First off, I am not some holier-than-thou, won-a-million-dollars-in-the-lottery, Ivy-League college student. While there is nothing wrong with attending Ivies, that’s not most of us. But to those admitted, my sincere congratulations! My invisible hats are currently saluting you, and I know exactly how much you worked for it, and you undoubtedly deserve it. 

This letter is for you guys, too. But this is also a letter to everyone. Whether you are a liberal arts kid, STEM student, or someone who didn’t get into their first choice, I can tell you this: whoever you are in this exact moment—regardless of your situation, race, or age—is going to change. Now, I know—the word change, in its nature, is elusive, abstract. And many of you need concrete advice on how to survive what one would argue to be the most formative years of your life. 

I know this is rather a late introduction, but I am Anna from Southern California, and I happen to attend an university about a half-hour drive from home. I have always commuted from home, so I don’t have too much first-hand knowledge about shared bathrooms and dining hall food, but I am sure you will survive. All my friends did. I didn’t get into my dream school that I’d been eyeing since my sophomore year of high school and instead ended up at a place that I could have never ever seen myself attending—yet here I am. I know that for many of you reading this, your situation may completely be different. You may be traveling halfway across the country or the world to attend your university; you may—and will likely—be living in a dorm; you may have gotten into your first-choice school. But despite all the little incongruities, I am hopeful that the tidbits of wisdom I’ve gathered in the past two years at university will help you. 

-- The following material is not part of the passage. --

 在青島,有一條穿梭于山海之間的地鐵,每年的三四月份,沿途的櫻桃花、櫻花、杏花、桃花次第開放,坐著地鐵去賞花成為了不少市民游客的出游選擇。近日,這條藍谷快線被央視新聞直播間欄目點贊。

The immediate years after high school are a transformative period for everyone, even those not attending college. You officially can’t be a “kid” anymore because you are nearing the end of your teenage years, and before you know it, you are going to be in your 20s. (I am freaking out.) However, despite the pressure to grow up so quickly, you really don’t have to do so. College is full of people who come from entirely different backgrounds, and just because your roommate’s friend’s girlfriend interned at Google, you don’t have to (and shouldn’t feel the need to) copy that. Going back to the idea of change, it will happen. I went into college thinking that I knew my exact major and specific career path. Lo and behold, I realized during my first Introduction to International Relations seminar that I really don’t enjoy IR. (For the record, I stuck with various IR classes for two whole semesters, so I definitely gave it a thorough try.) Now I am an English major, and I have never enjoyed anything or learned so much as I am right now. 

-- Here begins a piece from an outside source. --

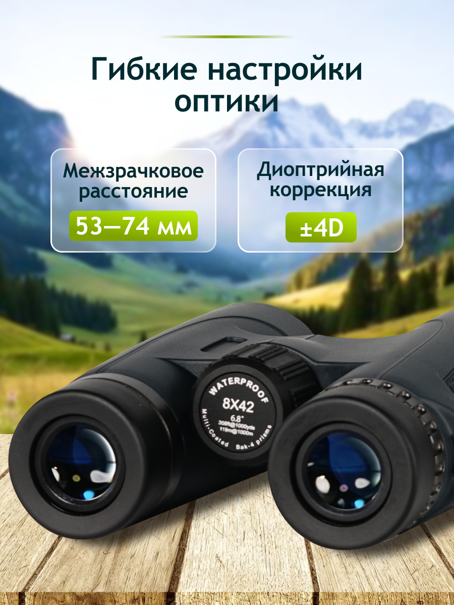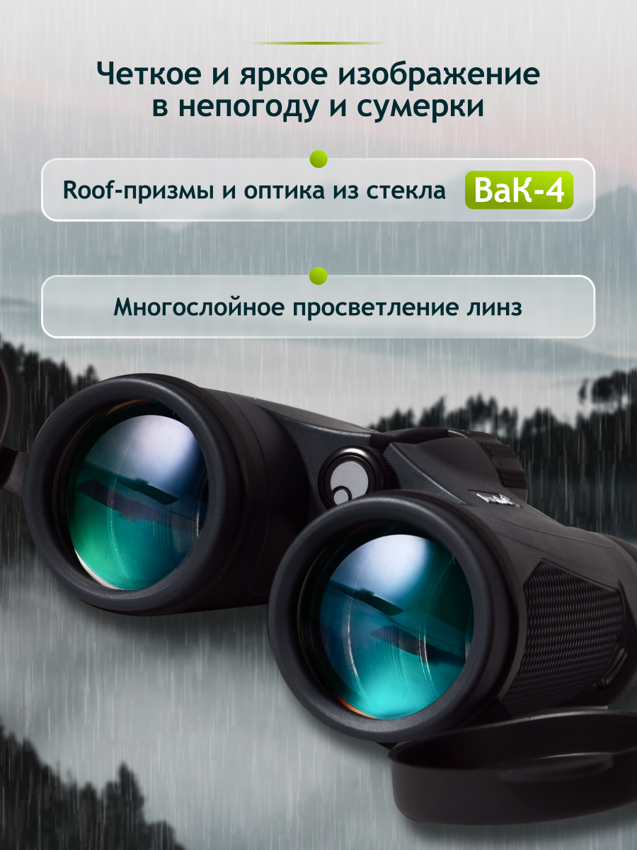Laika apstākļu noturība ir galvenā Levenhuk New Karma PLUS 8x42 modela stiprā puse. Tā IP67 novērtētā, noslēgtā korpuss sniedz pilnīgu aizsardzību pret putekļiem un ūdeni. Šie binokļi iztur sniegu, lietu un smilšu vēju, pat nelaimes gadījumā iegremdējot līdz pat vienam metram dziļumā bez bojājumiem. Azota pildījums iekšpusē novērš objektīva tumšumu, nodrošinot skaidras skatus jebkurā laikapstākļu apstākļos. Gumijas apvalks ārēji nodrošina drošu, nešļākamību pat ar mitrām rokām. Pieejams arī siksna drošībai.

Also, you will get a lot of rejections—and I am sorry to tell you that college rejections are only the beginning of rebuffs to come. Not to be depressing, but your ceaseless emails about internships will remain unopened, your meticulously polished resumes will end up in someone’s trash pile, and your life will not be the perfect, smiling faces in every college brochure. And that’s okay! Although this is disheartening (and since I speak from experience, I genuinely know), there are always more opportunities. I’ve learned that the universe, although under no obligation to function as you see fit, does look after you in some way. And that is a beautiful reassurance. 

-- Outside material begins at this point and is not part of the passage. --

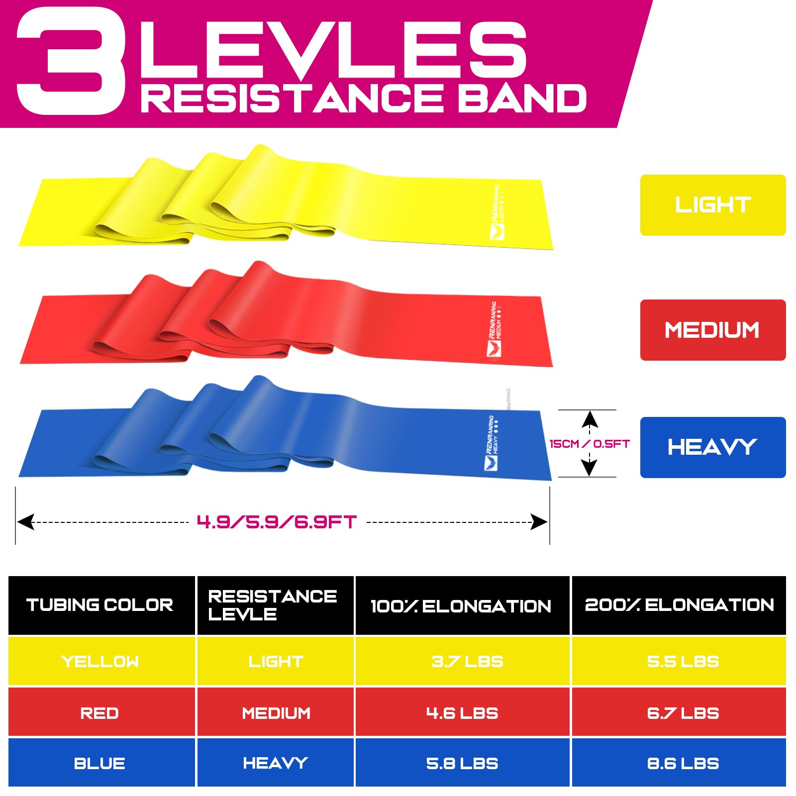 - 5.9FT Exercise Bands Levels: Come with 3 color, the different colors have an obviously different tension/strength. Yellow 3.7~5.5 lbs, Red 4.6~6.7 lbs, Blue 5.8~8.6 lbs. 4.9 ft long by 5.9 inches wide.

My last (and most important) advice is to call your mom or grandpa or aunt or whoever loves you. After dealing with so many people at once, there is no one better than those who have loved you from the very start, and there is no place better than home. It’s a lesson that I am slowly learning now, but we really do need to grasp unconditional love in all of its intangible elusivity.

So my sincere congratulations to you, whether you are taking a gap year, not attending college, or going to your dream school. You finished high school, and that warrants all the flowers and fireworks in your name. Wherever you end up, be happy, be you, and don’t forget home. This truly is the start of your adult life, and I believe that at the end of the day, everything will work out. It always does.